CNS: NSF EAGER: From a Virtualized Computing Nucleus to a Cloud Computing Universe
The research plan of this project consists of two main tasks:
In the first task, the PIs are developing a formal proof-theoretic framework to ensure that the partition management protocols (which results in the elasticity of cloud computing systems) are correct. The PIs will then use this framework to analyze the partition management functionalities of two representative systems: BigTable (equivalently HBase) and Yahoo?s PNUTS. The PIs will also validate the functionality of the storage subsystem in Google GFS and Hadoop HDFS to ensure that the read and write operations at the file system level indeed satisfy the stated invariants. The PIs will then extend this study to ensure that the atomicity of operations on a single key-value pair indeed are atomic and durable irrespective to the size of the value attribute.

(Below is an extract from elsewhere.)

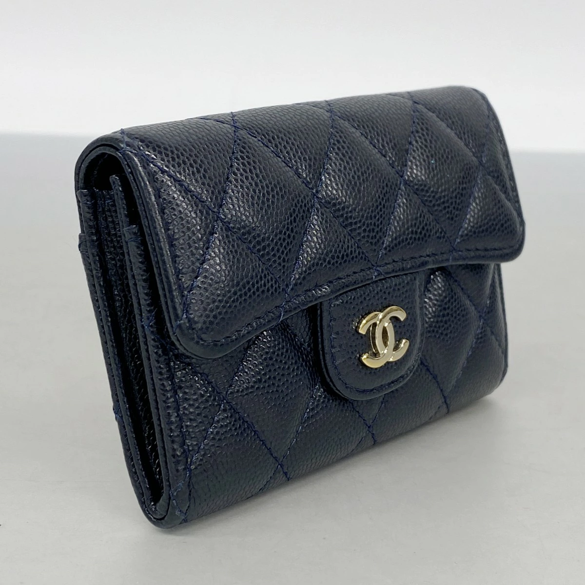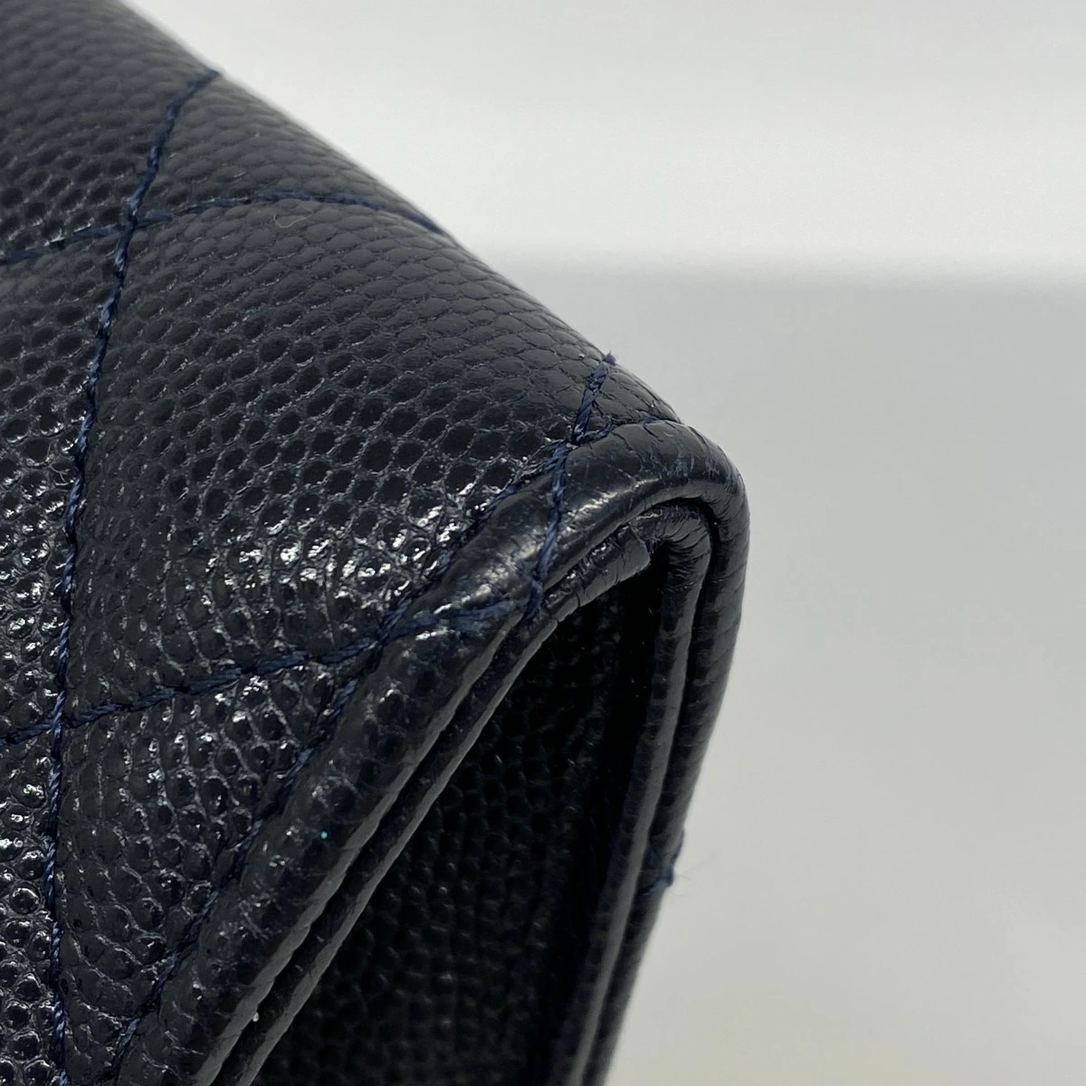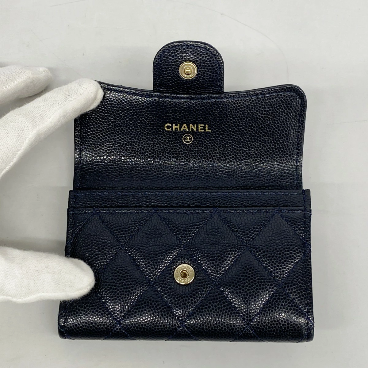 【5pb2668】シャネル カードケース マトラッセ キャビアスキン ネイビー ゴールド金具【中古】レディース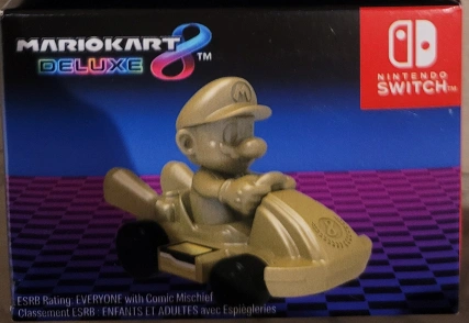 Gold Mario figure from Mario Kart 8 Deluxe. Figure comes in a small box with a Nintendo Switch logo.

In the second task, the PIs will investigate more stringent levels of data and object consistency in cloud computing systems. In particular, the PIs will develop a distributed implementation of snapshot isolation and evaluate its effectiveness in cloud computing environments primarily with respect to elasticity and scalability. Also, the PIs will put all the pieces together (with their associated invariants) and evaluate if the overall system thus formed is correct. Moreover, the PIs will formalize the characteristics of different replica management protocols to identify the limit of data availability in various cloud computing environments.